─── Data block ───
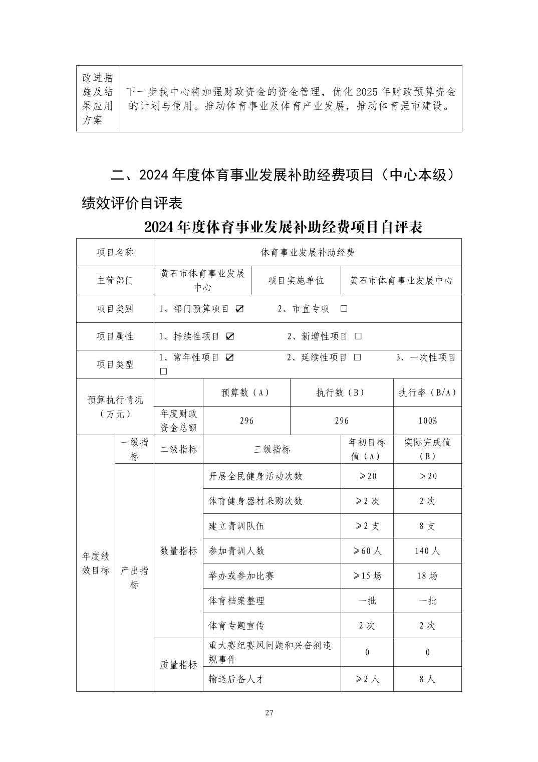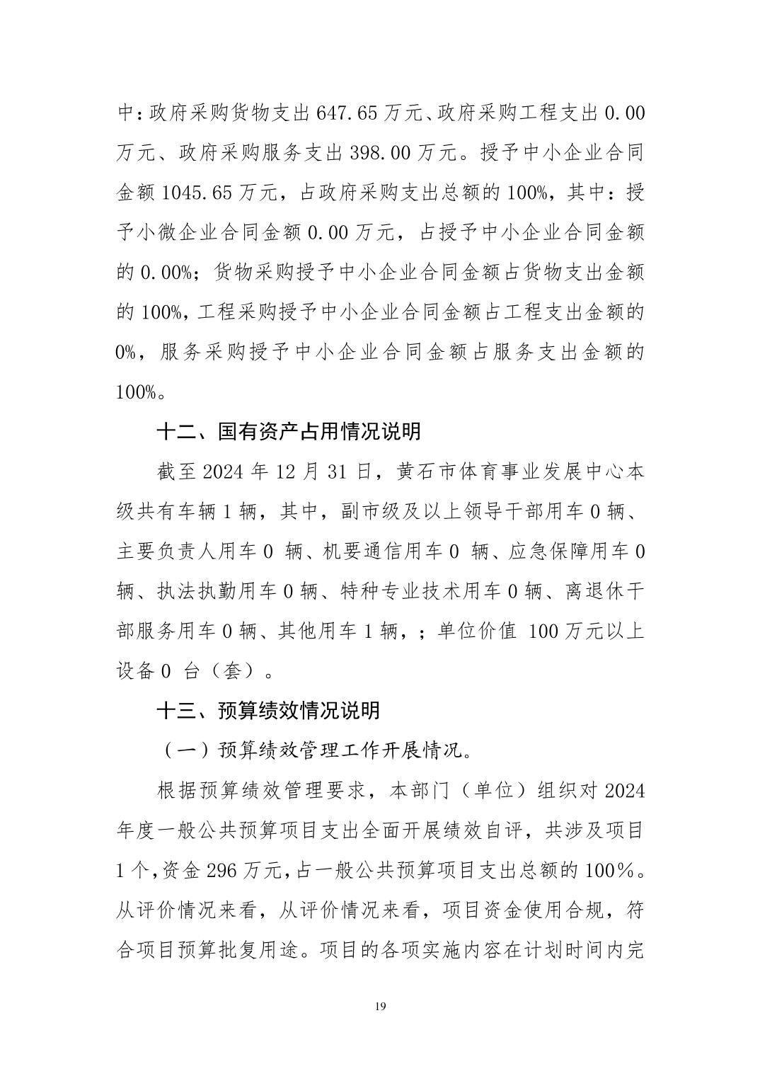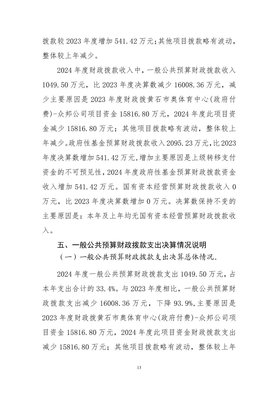 黄石市体育事业发展中心(本级)2024年度部门决算公开
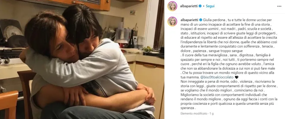 Al coro di indignazione si unisce anche Alba Parietti su Instagram: "Giulia perdona, tu e tutte le donne uccise per mano di un uomo incapace di accettare la fine di una storia, incapaci di essere uomini, noi madri, padri, scuola e società, stato, istituzioni, incapaci di scrivere giuste leggi di proteggerti, di educare al rispetto ad essere all’altezza di accettare la crescita l’indipendenza la libertà che noi donne, quelle che abbiamo così duramente e lentamente conquistato con sofferenza, tenacia, dolore, pazienza, sangue troppo sangue. Il cuore della tua meravigliosa, sana, dignitosa, famiglia è spezzato per sempre e noi, noi tutti, ti porteremo sempre nel cuore, perché eri la figlia che ognuno avrebbe voluto, l’amica che non sa abbandonare la dolcezza a cui non si può fare male. Che tu possa trovare un mondo migliore di questo vicino alla tua mamma. Non inneggiate a pena di morte, odio, violenza, riscriviamo la storia con leggi, giuste comportamenti di rispetto per le donne, se vogliamo che il mondo migliori, cominciamo da noi. Miglioriamo la società con comportamenti individuali che rendano il mondo migliore, ognuno da oggi faccia i conti con la propria coscienza e porti qualcosa a questa umanità senza più speranza".
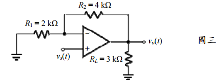 【已刪除】三、圖三電路之放大器的開路電壓增益為 A = 54 V/V,輸入阻抗 R
───
◆ What is needed:
The full material above must be output verbatim, minus any pictures.

◆ Response for this exercise:
 黄石市体育事业发展中心(本级)2024年度部门决算公开
 Al coro di indignazione si unisce anche Alba Parietti su Instagram: "Giulia perdona, tu e tutte le donne uccise per mano di un uomo incapace di accettare la fine di una storia, incapaci di essere uomini, noi madri, padri, scuola e società, stato, istituzioni, incapaci di scrivere giuste leggi di proteggerti, di educare al rispetto ad essere all’altezza di accettare la crescita l’indipendenza la libertà che noi donne, quelle che abbiamo così duramente e lentamente conquistato con sofferenza, tenacia, dolore, pazienza, sangue troppo sangue. Il cuore della tua meravigliosa, sana, dignitosa, famiglia è spezzato per sempre e noi, noi tutti, ti porteremo sempre nel cuore, perché eri la figlia che ognuno avrebbe voluto, l’amica che non sa abbandonare la dolcezza a cui non si può fare male. Che tu possa trovare un mondo migliore di questo vicino alla tua mamma. Non inneggiate a pena di morte, odio, violenza, riscriviamo la storia con leggi, giuste comportamenti di rispetto per le donne, se vogliamo che il mondo migliori, cominciamo da noi. Miglioriamo la società con comportamenti individuali che rendano il mondo migliore, ognuno da oggi faccia i conti con la propria coscienza e porti qualcosa a questa umanità senza più speranza".
 【已刪除】三、圖三電路之放大器的開路電壓增益為 A = 54 V/V,輸入阻抗 R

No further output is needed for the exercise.